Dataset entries
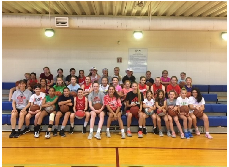
Nothing but Net Girls Basketball Camp at SPCC
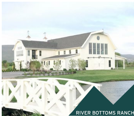
RIVER BOTTOMS RANCH
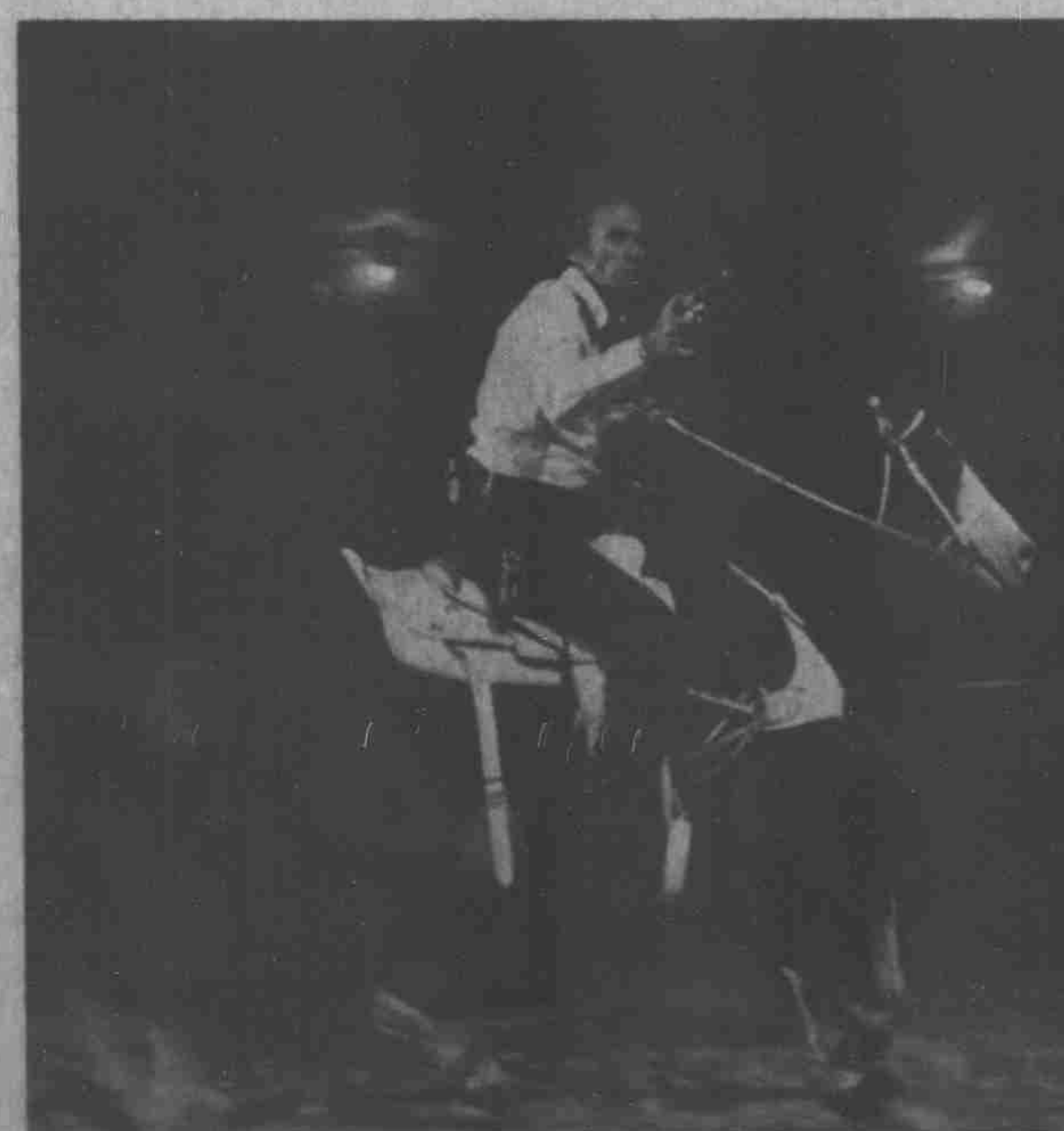
Clint Eastwood rides away as Bronco Billy ... takes unprecedented 7 Oscars
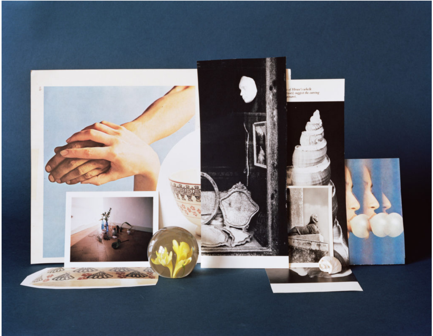
Celia Perrin Sidarous, Assemblage en bleu (sphinx) , 2019. Inkjet print on matte paper, 48 x 61.4 inches. Purchased by the AGO with funds from the Dr. Michael Braudo Canadian Contemporary Art Fund and the Art Toronto Opening night Preview.

Particules , an artwork made of 11,000 image fragments representing crowds taken from all continents at mass demonstrations, festivities and sports events.
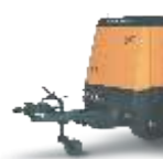
Heavy Duty Adjustable Tow Bar
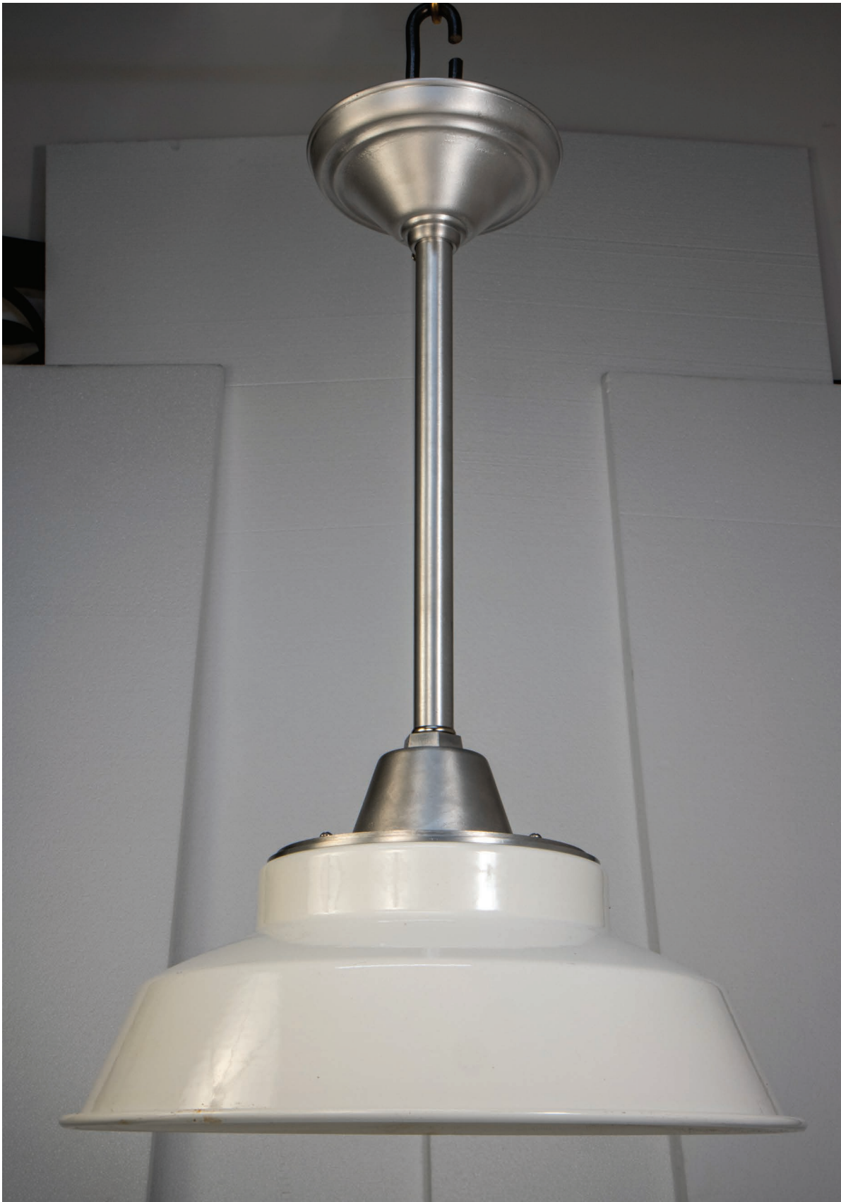
UA0366-39 SV 9"h × 16 7/8"Ø Quantity: 7 $1,600
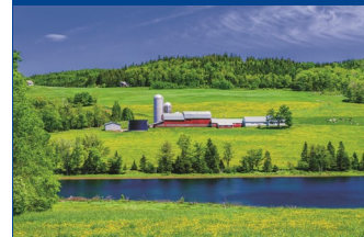
Beautiful Vermont Scenery
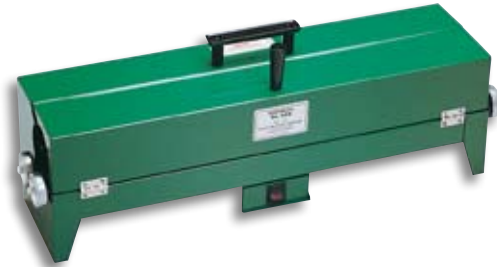
120 VAC 20 AMP
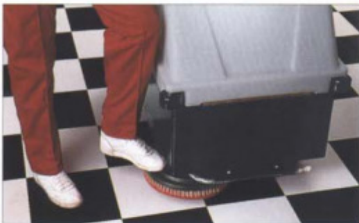
Snap on/snap off brushes can be changed in seconds
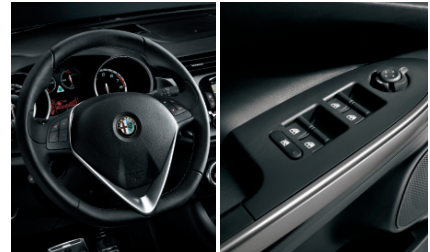
Flat bottomed sports leather steering wheel with white stitching
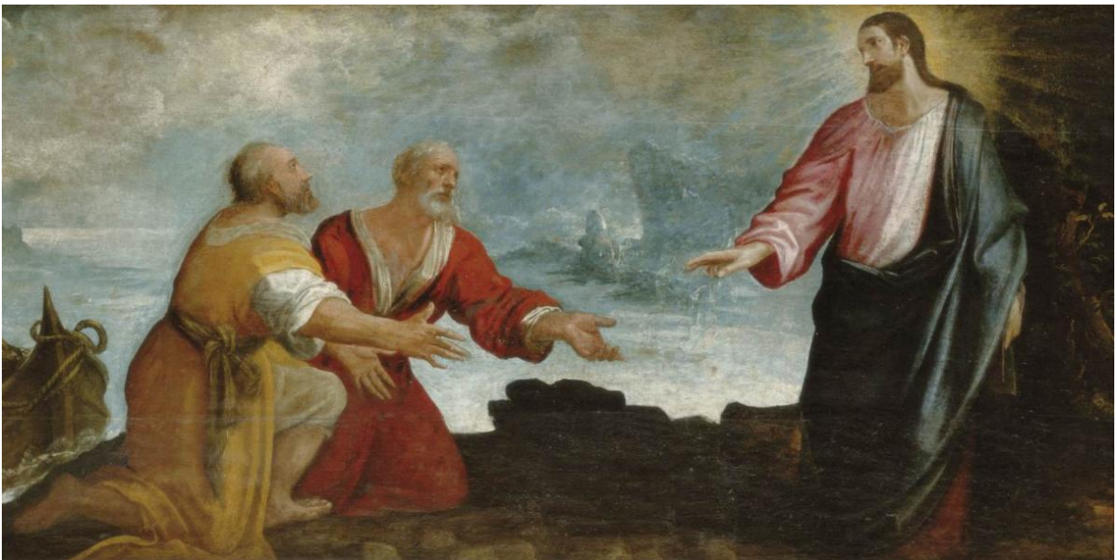
The Calling of St. Peter and St. Andrew by Juan de las Roelas, c.1610
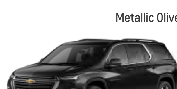
Black Graphite Metallic
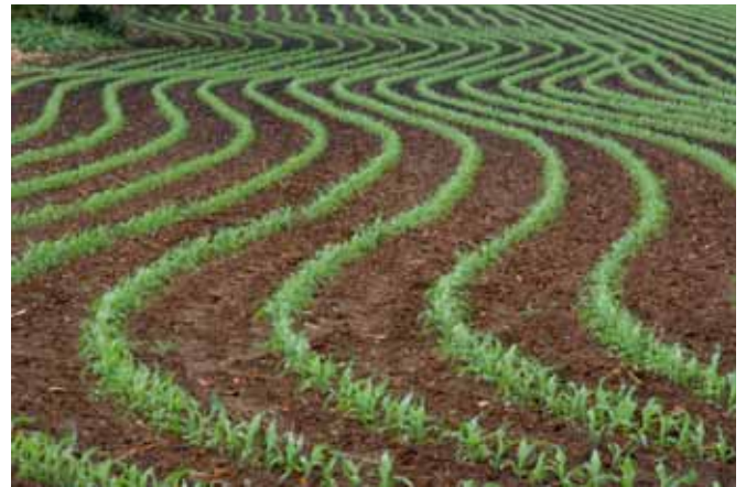
Corn Curls © 2007 Barry Brehm HM 2007 I-74 Challenge, Curves

PSA 2007 International Conference , Tucson, AZ, Sept. 2—8, 2007, Starr Pass Marriott Resort and Spa. For more information, see http://www.psa-photo.org and click Conferences in the list on the left side of the home page of PSA.
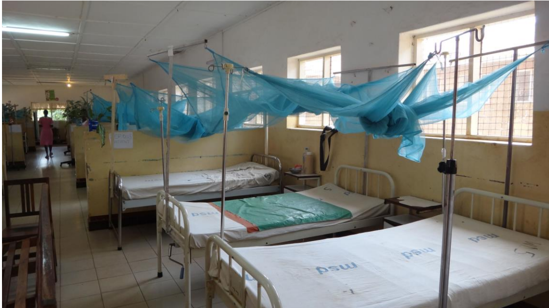
Figure 6: The pediatric ward of the Korogwe District Hospital.

Since there was no backup generator, the lights would turn off and the ceiling fans would stop their lazy rotations when the power went off from time to time. I watched caregivers and children cycle through the ward, leaving after treatment or being given a prescription, or being shown to a bed for treatment. Nurses with latex gloves used a glucometer to test children and employed syringes and sample tubes to collect blood from children. Caregivers and nurses comforted children and health care providers recorded diagnoses and prescriptions in new school exercise books that could later be taken to a pharmacist to request drugs. If a child was ill, health care providers asked caregivers questions and filled out paper laboratory forms to document information about the patient. When a child was a participant of the RTS,S trial, different paper forms were filled out to record names, biometric data and other information. These forms were then moved, along with tissue samples, to the laboratories at the Korogwe Research Centre. As Whyte (2011) argues, writing and recording information on paper are performances that transpire during medical research and during health care provision, affirming their similarity. However, the resources and well-paid staff in this ward set it apart from the other hospital wards, helping reinforce the differences between the public and privately-funded health care providers.

### YOUR INSTRUCTIONS
Although pictures appear among the entries, please set down only the lines from the one with "Clint Eastwood rides" up to and including the one with "PSA 2007 International", word for word.

### FINISHED TASK
Clint Eastwood rides away as Bronco Billy ... takes unprecedented 7 Oscars
Celia Perrin Sidarous, Assemblage en bleu (sphinx) , 2019. Inkjet print on matte paper, 48 x 61.4 inches. Purchased by the AGO with funds from the Dr. Michael Braudo Canadian Contemporary Art Fund and the Art Toronto Opening night Preview.

Particules , an artwork made of 11,000 image fragments representing crowds taken from all continents at mass demonstrations, festivities and sports events.
Heavy Duty Adjustable Tow Bar
UA0366-39 SV 9"h × 16 7/8"Ø Quantity: 7 $1,600
Beautiful Vermont Scenery
120 VAC 20 AMP
Snap on/snap off brushes can be changed in seconds
Flat bottomed sports leather steering wheel with white stitching
The Calling of St. Peter and St. Andrew by Juan de las Roelas, c.1610
Black Graphite Metallic
Corn Curls © 2007 Barry Brehm HM 2007 I-74 Challenge, Curves

PSA 2007 International Conference , Tucson, AZ, Sept. 2—8, 2007, Starr Pass Marriott Resort and Spa. For more information, see http://www.psa-photo.org and click Conferences in the list on the left side of the home page of PSA.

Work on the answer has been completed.